**WHAT YOU SHOULD DO:**
Would you please restate the data exactly as it stands, apart from the pictures?

::: EXERCISE INPUT :::

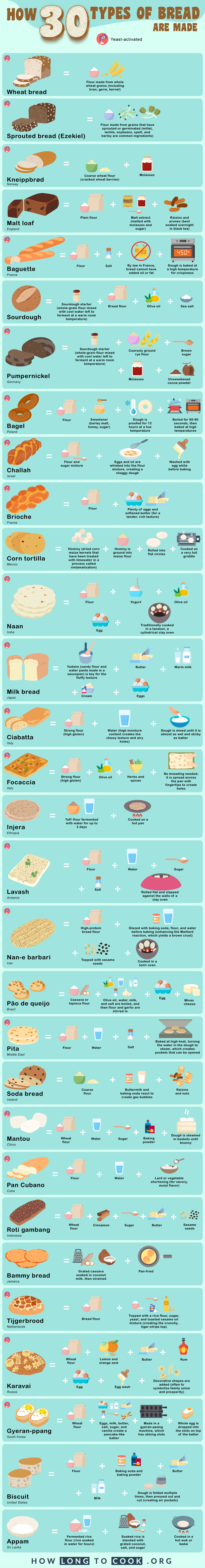 Many of the breads included on this list are made possible through yeast and other leavening agents. What is the science behind yeast? On a basic level, yeast is a single-celled organism that lies dormant until it is activated by warm water. It then feeds on the sugars in flour and any sugar added to the dough, producing carbon dioxide that causes the dough to rise. Yeast is the key to many raised breads, and it helps create the distinctive flavors and aromas that we associate with bread.
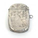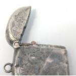 Pretty little bright cut silver Vesta case with two original matches. Hallmarked maker T.H. Birmingham 1906. A little worn but hinge intact and a lovely little survivor. Weighs13g approx
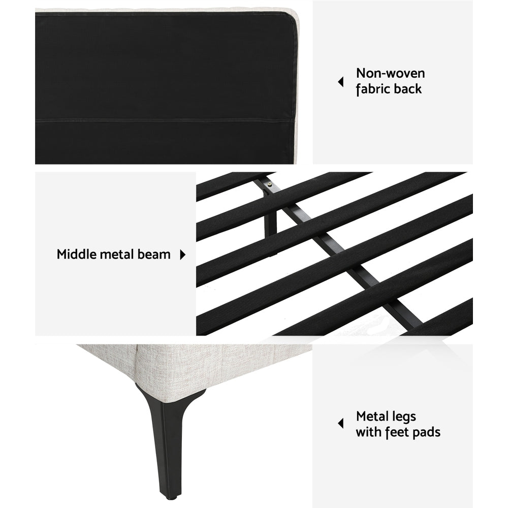 Artiss Ammy Hybrid King Bed Frame Beige Faux Linen Pocket Coil Mattress
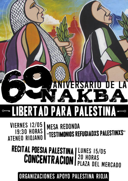 Se cumplen 69 años del autoproclamado Estado judío que provocó el exilio forzoso de más de dos tercios de su población, robó la tierra histórica de Palestina emprendió una campaña de limpieza étnica que dura hasta nuestros dias y abocó al «sociocidio» (destrucción política y social) del pueblo palestino.
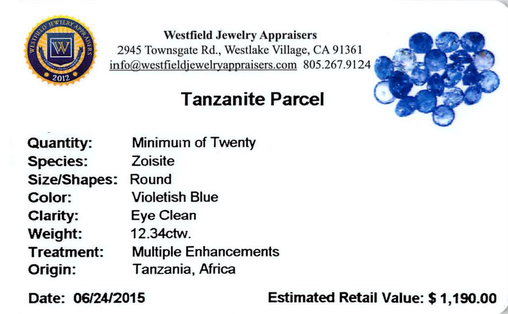 Twenty round mixed cut natural tanzanites, measuring 5.00 - 5.00 x 3.00 mm, exact total weight 12.34ct., clarity is slightly included, type I, medium dark, very slightly grayish, violetish blue color, (GIA vB 6/3), cut is good. Measurements & the color grade are an average for the group, Color grade is an average for the group, Transmitting light with no distortion, transparent, Naturally occurring internal & external characteristics are present, Indications of multiple laboratory enhancements, including high temperature heat treatment. Westfield Appraised at $1,190.00.
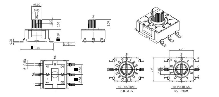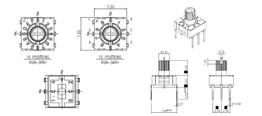 A:開關採用高強度塑膠外殼和鍍錫端子,以增強機械完整性並防止焊錫污染。
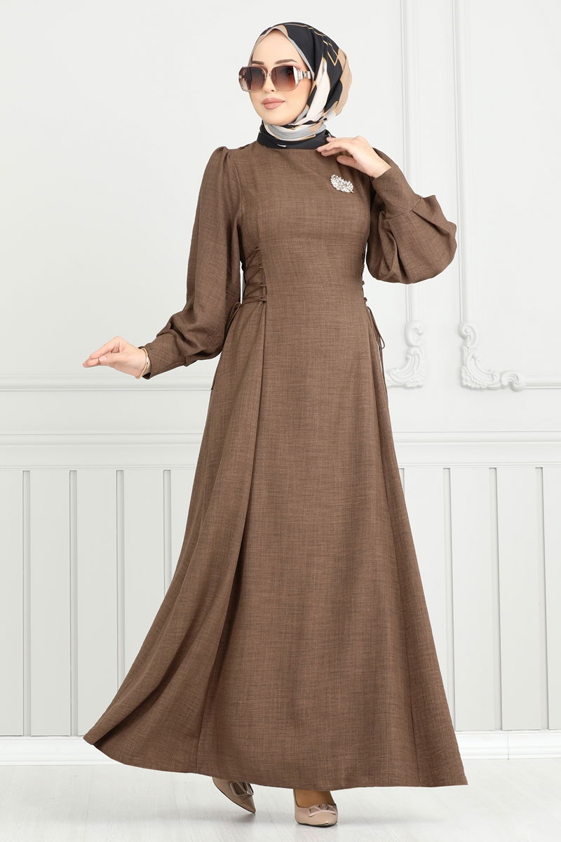 Yandan Bağcıklı Tesettür Elbise 5962BSK463-MS Açık Kahve
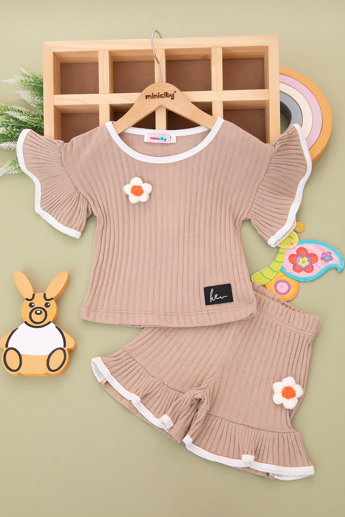 Kız Çocuk Geniş Fitilli Çiçekli Şortlu Takım - 2755-1 (3-12 Yaş)
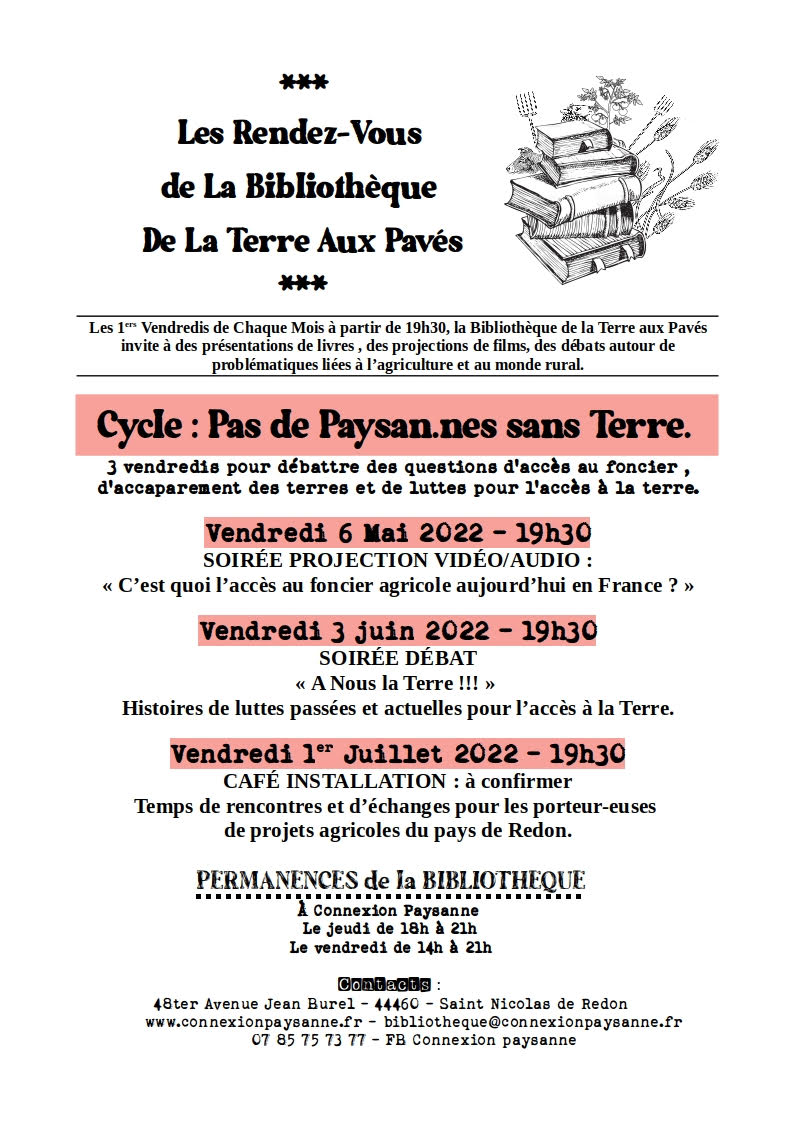 [Les Rendez-vous de la Bibliothèque de la Terre aux Pavés] Cycle "Pas de paysan-nes sans Terre"
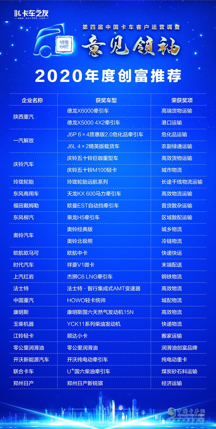從這個(gè)視覺(jué)維度出發(fā),卡友的意見(jiàn)對(duì)于整車(chē)企業(yè)的發(fā)展至關(guān)重要。結(jié)合全年度在各大卡車(chē)行業(yè)細(xì)分領(lǐng)域的深度調(diào)查,代表權(quán)威專家、物流企業(yè)以及不同卡友的中肯評(píng)價(jià)及推薦意見(jiàn),在第四屆“卡車(chē)客戶運(yùn)營(yíng)調(diào)查——中國(guó)卡車(chē)意見(jiàn)領(lǐng)袖頒獎(jiǎng)盛典”中頒發(fā)了年度推薦車(chē)型、年度推薦動(dòng)力、油品及輪胎等系列獎(jiǎng)項(xiàng)。可以預(yù)見(jiàn)的是,獲得這些榮譽(yù)的商用車(chē)企業(yè),必將繼續(xù)載譽(yù)前行,創(chuàng)造出讓更多行業(yè)客戶喜歡的產(chǎn)品,與此同時(shí),這些系列榮譽(yù)的授予,也為整個(gè)商用車(chē)行業(yè)的正向發(fā)展帶來(lái)可資借鑒的思想風(fēng)潮和現(xiàn)實(shí)范本。
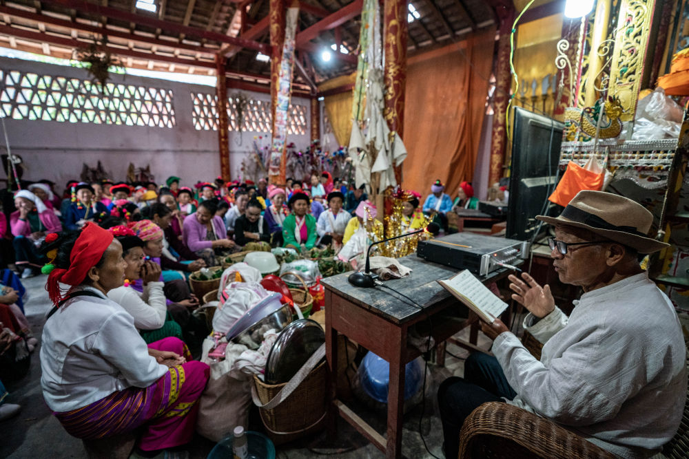 2023年9月14日,在云南省普洱市瀾滄拉祜族自治縣景邁山芒景村的文化活動室,布朗族老人蘇國文(右)給村民講課。新華社記者 胡超 攝
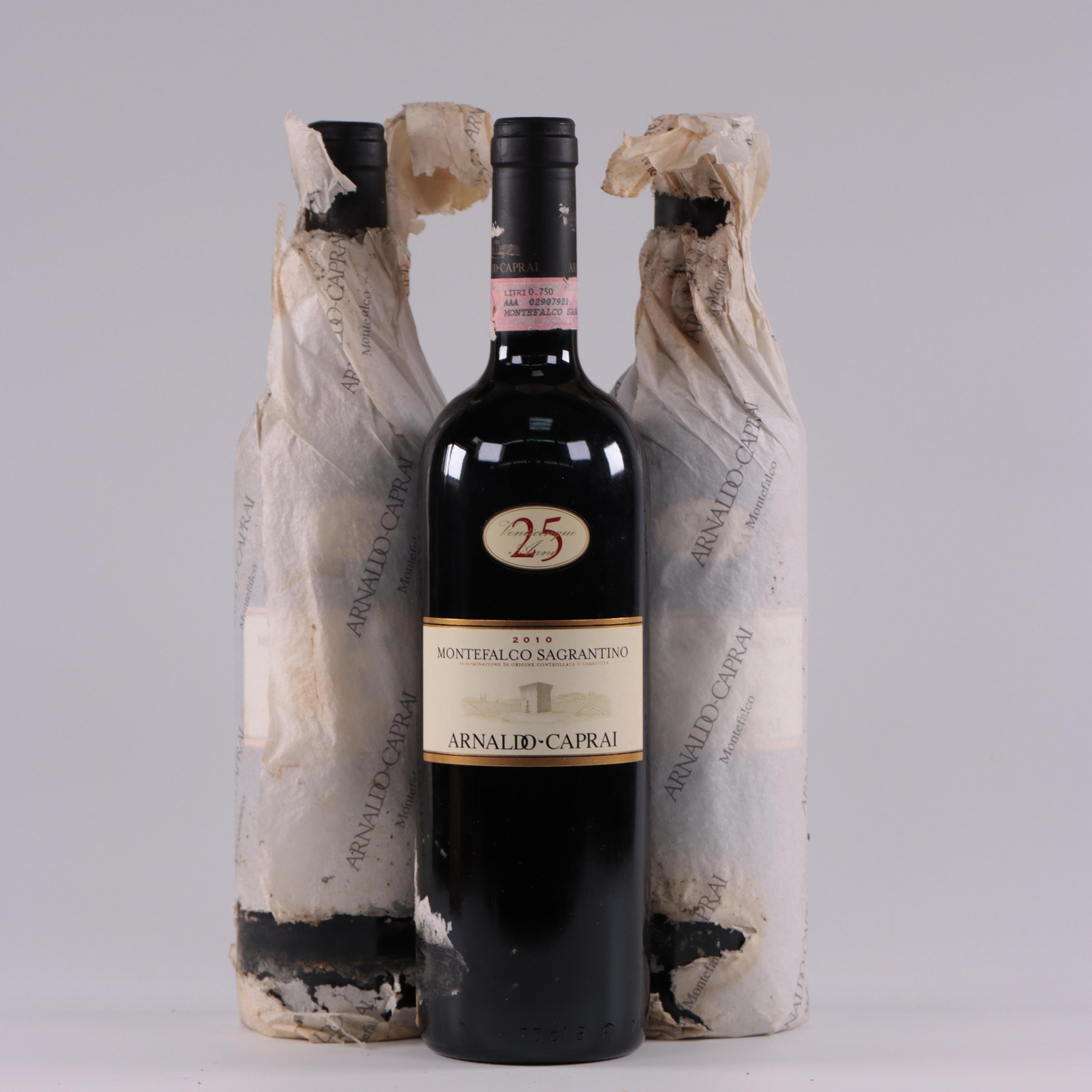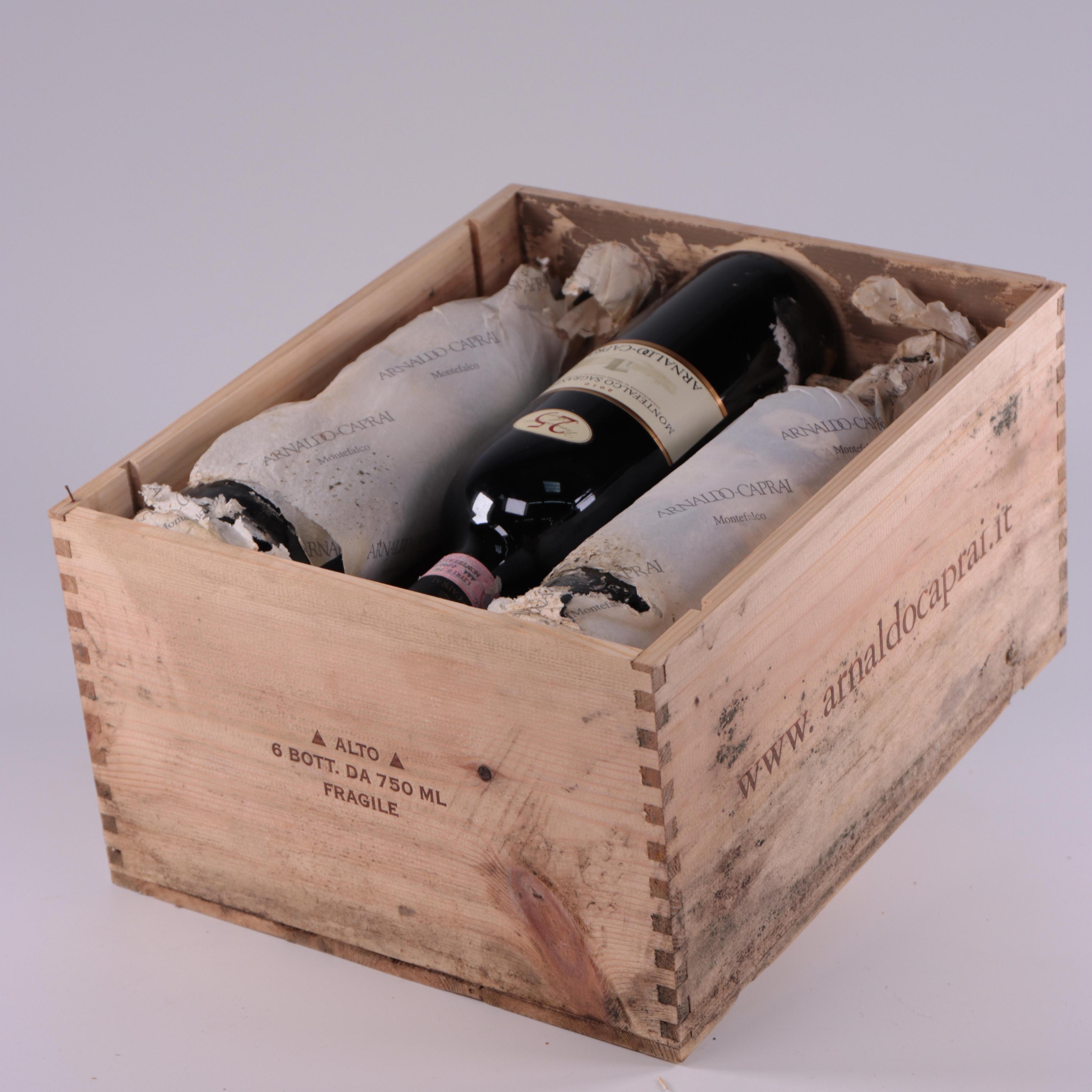Zes flessen wijn, rood, Montefalco Sagratino, 2010. In kist.

:::

**EXPECTED ANSWER:**
 Many of the breads included on this list are made possible through yeast and other leavening agents. What is the science behind yeast? On a basic level, yeast is a single-celled organism that lies dormant until it is activated by warm water. It then feeds on the sugars in flour and any sugar added to the dough, producing carbon dioxide that causes the dough to rise. Yeast is the key to many raised breads, and it helps create the distinctive flavors and aromas that we associate with bread.
 Pretty little bright cut silver Vesta case with two original matches. Hallmarked maker T.H. Birmingham 1906. A little worn but hinge intact and a lovely little survivor. Weighs13g approx
 Artiss Ammy Hybrid King Bed Frame Beige Faux Linen Pocket Coil Mattress
 Se cumplen 69 años del autoproclamado Estado judío que provocó el exilio forzoso de más de dos tercios de su población, robó la tierra histórica de Palestina emprendió una campaña de limpieza étnica que dura hasta nuestros dias y abocó al «sociocidio» (destrucción política y social) del pueblo palestino.
 Twenty round mixed cut natural tanzanites, measuring 5.00 - 5.00 x 3.00 mm, exact total weight 12.34ct., clarity is slightly included, type I, medium dark, very slightly grayish, violetish blue color, (GIA vB 6/3), cut is good. Measurements & the color grade are an average for the group, Color grade is an average for the group, Transmitting light with no distortion, transparent, Naturally occurring internal & external characteristics are present, Indications of multiple laboratory enhancements, including high temperature heat treatment. Westfield Appraised at $1,190.00.
 A:開關採用高強度塑膠外殼和鍍錫端子,以增強機械完整性並防止焊錫污染。
 Yandan Bağcıklı Tesettür Elbise 5962BSK463-MS Açık Kahve
 Kız Çocuk Geniş Fitilli Çiçekli Şortlu Takım - 2755-1 (3-12 Yaş)
 [Les Rendez-vous de la Bibliothèque de la Terre aux Pavés] Cycle "Pas de paysan-nes sans Terre"
從這個(gè)視覺(jué)維度出發(fā),卡友的意見(jiàn)對(duì)于整車(chē)企業(yè)的發(fā)展至關(guān)重要。結(jié)合全年度在各大卡車(chē)行業(yè)細(xì)分領(lǐng)域的深度調(diào)查,代表權(quán)威專家、物流企業(yè)以及不同卡友的中肯評(píng)價(jià)及推薦意見(jiàn),在第四屆“卡車(chē)客戶運(yùn)營(yíng)調(diào)查——中國(guó)卡車(chē)意見(jiàn)領(lǐng)袖頒獎(jiǎng)盛典”中頒發(fā)了年度推薦車(chē)型、年度推薦動(dòng)力、油品及輪胎等系列獎(jiǎng)項(xiàng)。可以預(yù)見(jiàn)的是,獲得這些榮譽(yù)的商用車(chē)企業(yè),必將繼續(xù)載譽(yù)前行,創(chuàng)造出讓更多行業(yè)客戶喜歡的產(chǎn)品,與此同時(shí),這些系列榮譽(yù)的授予,也為整個(gè)商用車(chē)行業(yè)的正向發(fā)展帶來(lái)可資借鑒的思想風(fēng)潮和現(xiàn)實(shí)范本。
 2023年9月14日,在云南省普洱市瀾滄拉祜族自治縣景邁山芒景村的文化活動室,布朗族老人蘇國文(右)給村民講課。新華社記者 胡超 攝
Zes flessen wijn, rood, Montefalco Sagratino, 2010. In kist.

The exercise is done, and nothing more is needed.